И что? Хемпсон мог иметь дела со Стокером и с любым другим физиком, астрономом или даже политическим деятелем — такая у него профессия. Однако воспоминание меня насторожило, придало нашей несостоявшейся встрече новый смысл, пока для меня неясный, но почему-то пугающий.

«Когда Чарли сердится, ты знаешь…»

Это да. Для Хемпсона не существовало преград в достижении цели.

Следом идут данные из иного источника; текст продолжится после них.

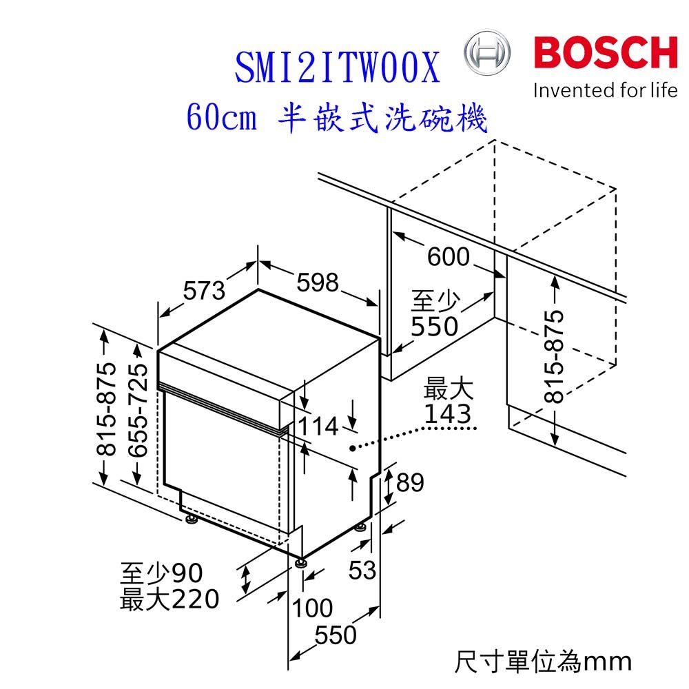 型號:BOSCH 博世 SMI2ITW00X 2系列 60cm 半嵌式洗碗機

Все знали, что пройти он мог и по трупам, но никогда никому (а полиция старалась, это я знал) не удавалось не только найти прямые или косвенные улики, но хоть какую-то материальную связь Хемпсона с человеком, стоявшим у него на пути и внезапно умершим от сердечного приступа или погибшим в автокатастрофе (водитель не справился с управлением на скользком шоссе, какое мог Хемпсон иметь к этому отношение?).

— Ты еще не спишь? — промямлил я. — Поздно уже.

Тут же подумал, что ляпнул глупость — Мария-Луиза была совой, и кому, если не мне, следовало об этом помнить?

— Не сплю, — сухо произнесла Мери, и я понял, что она явится, даже если я скажу, что не желаю ее видеть и между нами все кончено. В последнем случае она примчится еще быстрее.

— Приходи, конечно, — радушно пригласил я, подумав, что смогу задать ей несколько вопросов, которые, возможно, заставят меня вспомнить то, что сам я вспомнить не мог.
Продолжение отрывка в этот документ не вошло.